Weekend Writing Warriors – 5/11/14

www_bannerWelcome to Snippet Sunday and Weekend Writing Warriors! Happy Mother’s Day to those moms visiting! For those new to this, fellow writers post eight sentences from one of our works. I’ve been revising my New Adult steampunk romance, STEAM ME UP RAWLEY, so I thought I’d share. This is the first scene in the hero’s POV and he’s just landed in the backyard of the heroine’s home in a hot air balloon. She’s standing in front of him and he’s just finished an inner monologue of three sentences basically saying his goal had been to get bathed and settled:

Especially before he met the daughter of the house.

Now his feet wouldn’t move.

And he had the strangest sensation as he stared at the vision before him—part of him still felt like he was in the air, his whole body vibrating from the engine, but another part felt completely and irrevocably and inexplicably fixed in position as if his feet had always been planted there before her.

His heart, already galloping from the touch-and-go flight, stilled as if taking a deep breath, and then sped up again as if it had run the whole way from Plymouth, England.

At first all he’d seen was hair—dark and curly and wild—though disguised in a fetching and demure pile on her head. It gave all the appearance of barely constrained energy, as if all he need do was pop the hat off her head for it to come alive in his hands.

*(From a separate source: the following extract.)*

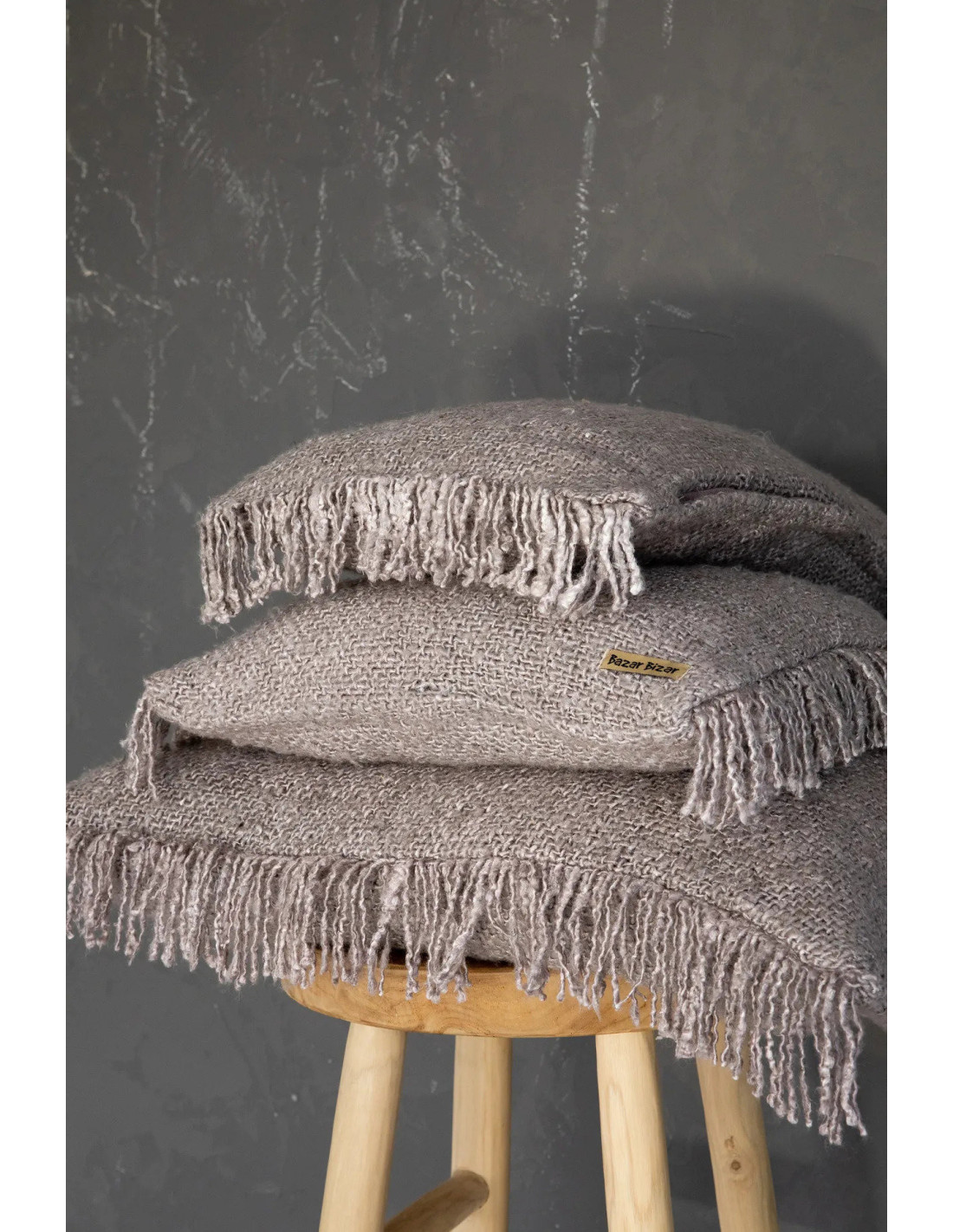 Housse de coussin XL Carrée 60x60 en Coton Gris perle avec franges The Oh My Gee

But it was her eyes that had him imitating a tree trunk, vibrating in place. Cinnamon-colored and flecked with gold, they sparked with intelligence and humor.

I welcome all comments, even constructive crits. To join in the fun and see the other wonderful writers, go to Weekend Writing Warriors! Thanks for stopping by!

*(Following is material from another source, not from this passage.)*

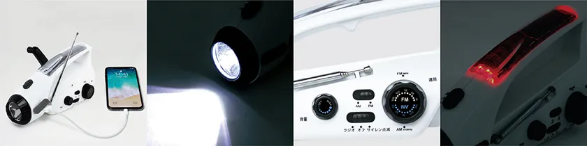 〔充電・LEDライト・ラジオ・サイレンの4つの機能を搭載〕

I’ll be hanging out Friday and Saturday for the RT Book Convention, though not officially. Let me know if you’ll be there too!

17 Replies to “Weekend Writing Warriors – 5/11/14”

  1. So good to see you back on the writing memes, Angela! Very nice imagery, and I see why he’s captured by her presence. My only bit was in the first paragraph where you use two ands: ‘another part felt completely and irrevocably and inexplicably fixed’. I know that this is already published, but I felt that maybe you could use a comma after the first adverb then and for the third. Just for future reference. Anyways, good snippet!

    1. Actually, it’s not published yet! I was actually using a rhetorical device there (polysyndeton) to try and emphasize how much she affects him but if others trip up on that too I might have to rethink it. Thanks for your input!

  2. Loved this (I do have to agree with Frank on the three “ly” words connected by and). The language is gorgeous and I get that he’s totally flummoxed by her. Can’t wait for more, excellent excerpt!

  3. I enjoyed his first glimpse of her and his over-the-top response. I followed this story before. Great seeing more of it in development.

  4. Lovely excerpt, Angela. Vivid and emotional, just enough detail. I agree about the “and”s, but it’s a small bump for me and would certainly not make me stop reading. I’ve been wondering how your progress on this is coming along.